Group Policy snap-in (GPEDIT.MSC) Exclusive to Windows 2000 and supercedes the System Policy Editor. Uses Incremental Security Templates.
• More flexible than System Policies as they can be filtered using Active Directory.
• Settings are imported/exported using .INF files. The Group Policy snap-in can be focused on a local or remote system.
• Settings can be stored locally or in AD. Are secure and can be changed only by Administrators.
• Should only be applied to Windows 2000 systems that have been clean installed onto an NTFS partition. NTFS computers that have been upgraded from NT 4.0 or earlier, only the Basic security templates can be applied.

Auditing
Auditing in Microsoft Windows 2000 is the process of tracking both user activities and Windows 2000 events. You can specify that Windows 2000 writes a record of an event to the security log. The security log maintains a record of valid and invalid logon attempts and events related to creating, opening, or deleting files or other objects. Auditing can be enabled by clicking Start, Program, Administrative Tools, Local Security Policy. In the Local Security Settings window, double-click Local Policies and then click Audit Policy.

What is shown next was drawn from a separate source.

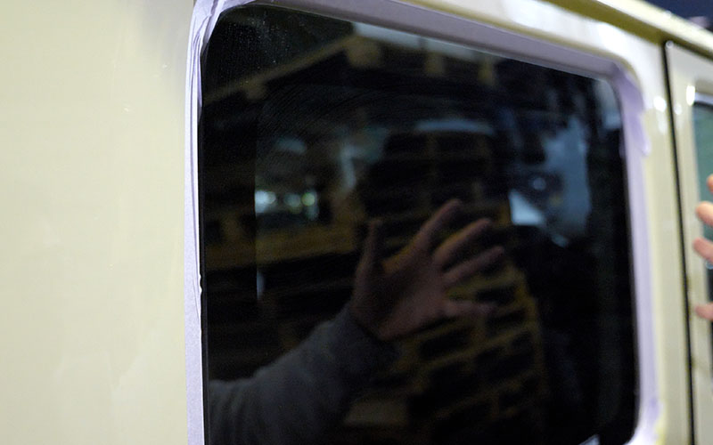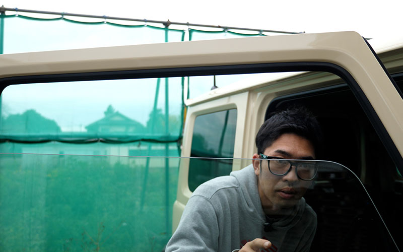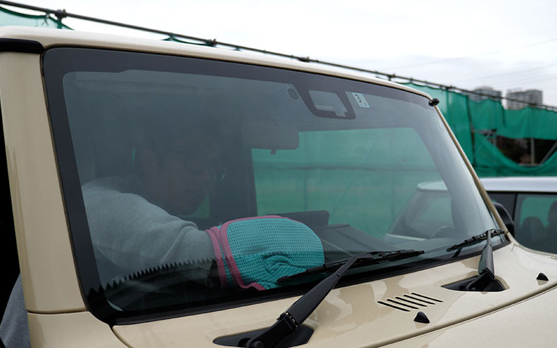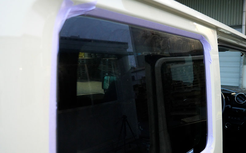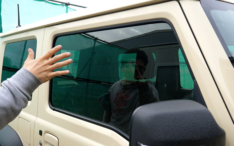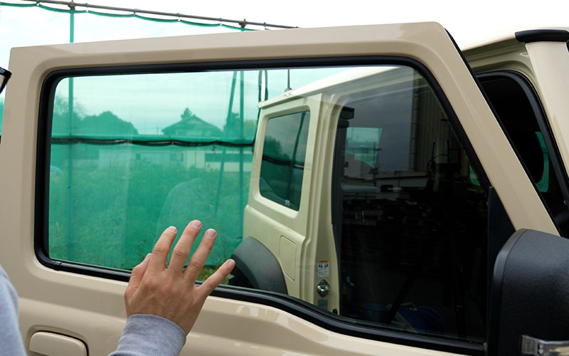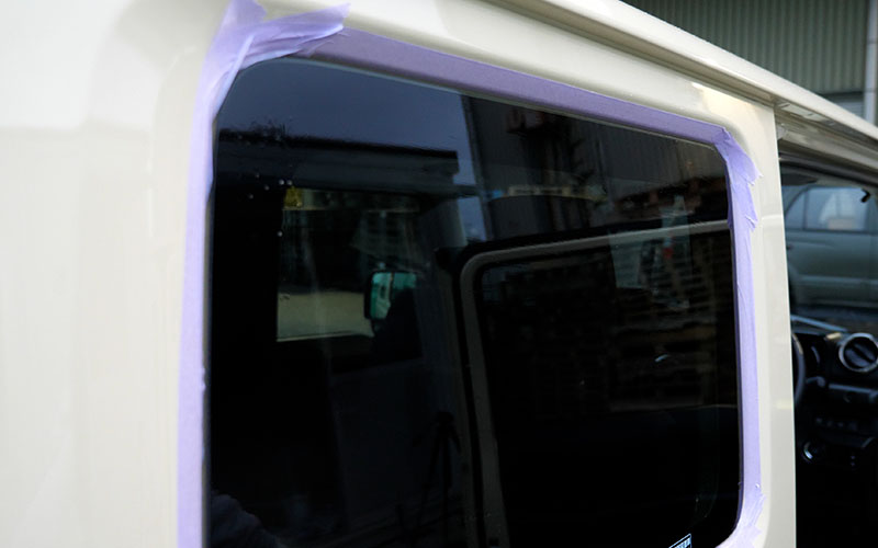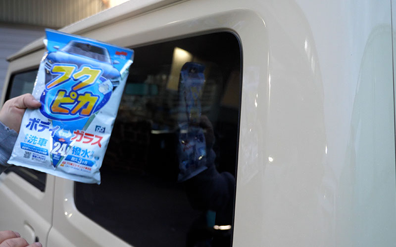 フロントガラスもやります。ジムニーシエラはフロントガラスが大きくてメチャメチャ拭きやすいですね!

Highlight the event you want to audit and on the Action menu, click Security. Set the properties for each object as desired then restart computer for new policies to take effect.

Auditable Events Event Description
Account logon events - A domain controller received a request to validate a user account.

Account management - An administrator created, changed, or deleted a user account or group. A user account was renamed, disabled, or enabled, or a password was set or changed.

Directory service access - A user gained access to an Active Directory object. Configure specific Active Directory objects for auditing to log this type of event.

Logon events - A user logged on or logged off, or a user made or canceled a network connection to the computer.

Object access - A user gained access to a file, folder, or printer. Configure specific files, folders, or printers for auditing. Directory service access is auditing a user's access to specific Active Directory objects. Object access is auditing a user's access to files, folders, and printers.

Policy change - A change was made to the user security options, user rights, or audit policies.

Privilege use - A user exercised a right, such as changing the system time.

Process tracking - A program performed an action.

System - A user restarted or shut down the computer, or an event occurred that affects Windows 2000 security or the security log.

Local accounts
• Built in user accounts are Administrator and Guest.

• Creating and duplicating accounts requires username and password. Disabling an account is typically used when someone else will take the user’s place or when the user might return.

• Delete an account only when absolutely necessary for space or organization purposes.

• Domain user accounts reside in AD on domain controllers and can access all resources on a network that they have been accorded privileges for.

• Resides only on the computer where the account was created in its local security database. If computer is part of a peer-to-peer workgroup, accounts for that user will have to be created on each additional machine that they wish to log onto locally.

Local accounts cannot access Windows 2000 domain resources and should not be created on computers that are part of a domain.

• User accounts are added and configured through the Computer Management snapin.

• User logon names are not case sensitive. You can use alphanumeric combinations to increase security, if desired.

• When copying a user account, the new user will stay in the same groups that the old user was a member of. The user will keep all group rights that were granted  25 through groups, but lose all individual rights that were granted specifically for that user.

Account Policy
Accessed through Administrative Tools, Local Security Policy, Account Policies. There are two choices, Password Policy and Account Lockout Policy.